From the moment we settled on the theme for the 4 Corners Festival 2020 in my office back in March last year I have been excited by its potential: “Building a City of Grace” is something that I have been personally committed to for years, and long to see as a core commitment within the church and civic society. In the current fractious context locally, nationally and globally, this commitment is even more important.

The festival is now in its 4th day, and having been south, east, and north, tonight we are looking forward to a fabulous evening in the west of the city at St Mary's Christian Brothers' Grammar School,  on the Glen Road, with poet/playwright Damian Gorman in conversation with Jude Hill, with music by singer/songwriter (and as such no mean poet himself) Anthony Toner.

Later in the festival we will be publishing an anthology of poems from Damian, John Hewitt,
Robert ‘Beano’ Niblock (one of the contributors to our “Grace Beneath the Cranes event in the east of the city on Saturday night), as well as some of the pupils who were at our first event at the UU on Friday, and a few from some of the directors/organisers of the festival including myself. I feel quite pleased to have one of my poems appearing between the same covers as pieces by Damian and John Hewitt… although it may not fare well in the comparison.

I’m on a haiku kick at the moment. There is a danger of reducing this highly precise Japanese poetic artform to something little better than a juvenile Limerick, while purists will argue that haiku must have their roots in nature. I have tended to follow the last rule, but there are times when I am as frustrated by that stricture as the tendency within society, and indeed faith, to see the city as a “necessary evil.” As a result I have been using haiku as a way of trying to distil my spiralling thoughts into something more focused and in the moment. In the midst of the festival that’s important to me, if I am to play a part in it (playing catch-up as I was not involved in a lot of the programme planning due to my sabbatical) whilst doing my day-job and not having a nervous breakdown.

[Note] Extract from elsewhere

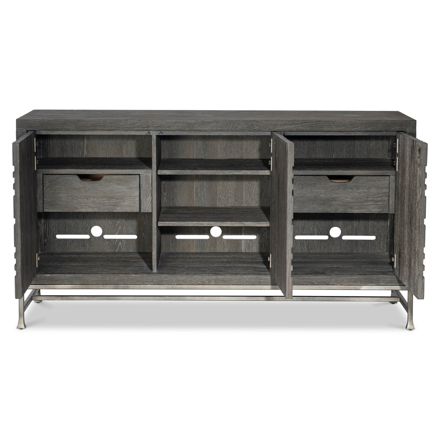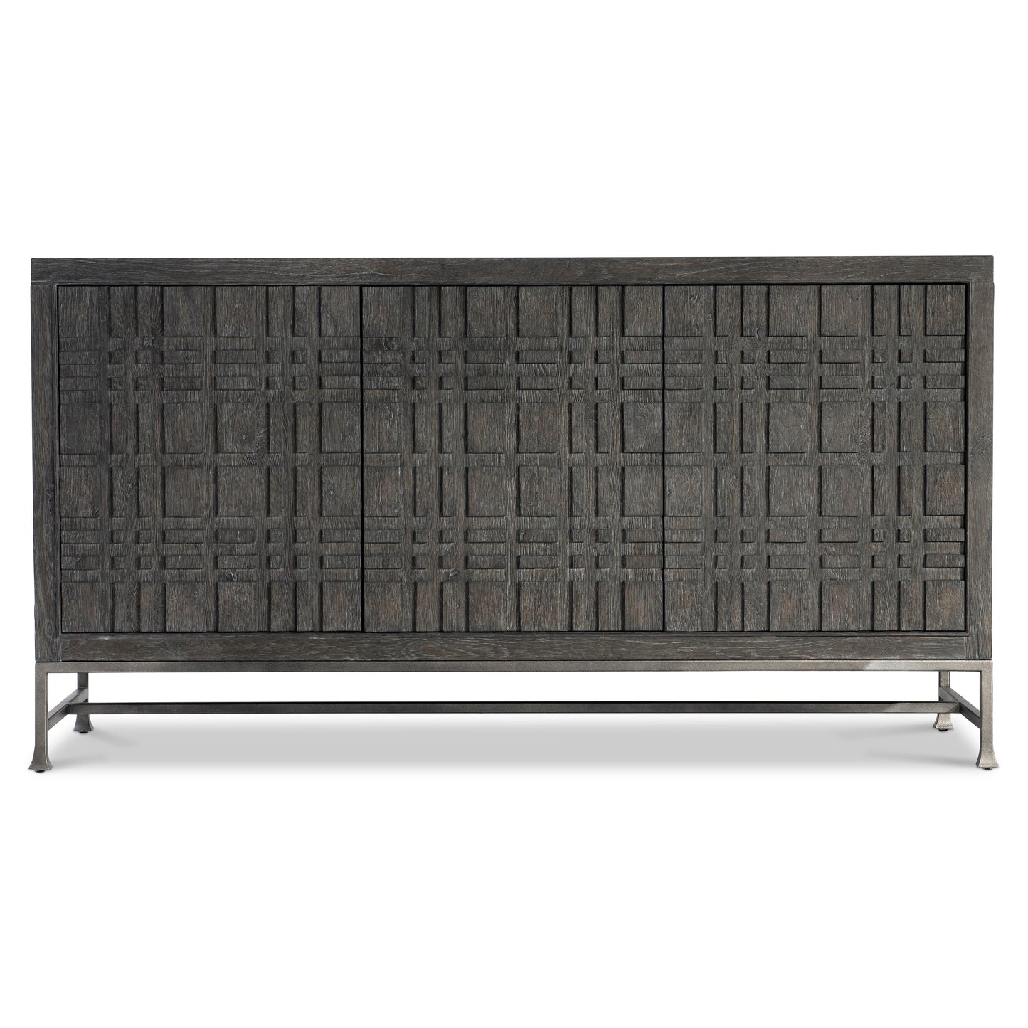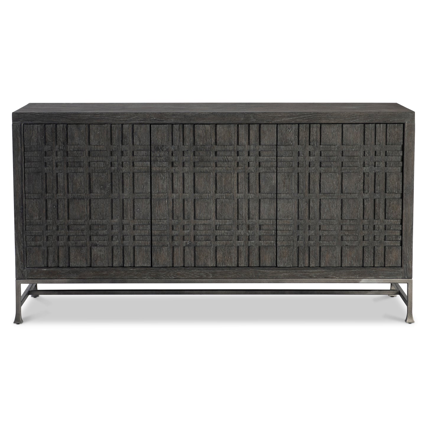 The Tribeca buffet offers a modern urban style with a raised geometric pattern inspired by the grid design of city streets. Finished in dark Tadon, the buffet has three push-to-open doors that open to reveal drawers, two adjustable shelves and two fixed shelves. The base offers a complementary look in textured steel in Barlow finish.

To that end I offer the following 3 haiku inspired by the festival so far, and the contexts that produced them:

A city of grace:
Take time to imagine it
And tell its story

In some ways this is a distillation of my earlier blog post inspired by Avivah Gottlieb Zornberg (just when you thought you had heard the last of me recycling her ideas…) and Damian Gorman’s poem “If I Was Us, I Wouldn’t Start From Here”.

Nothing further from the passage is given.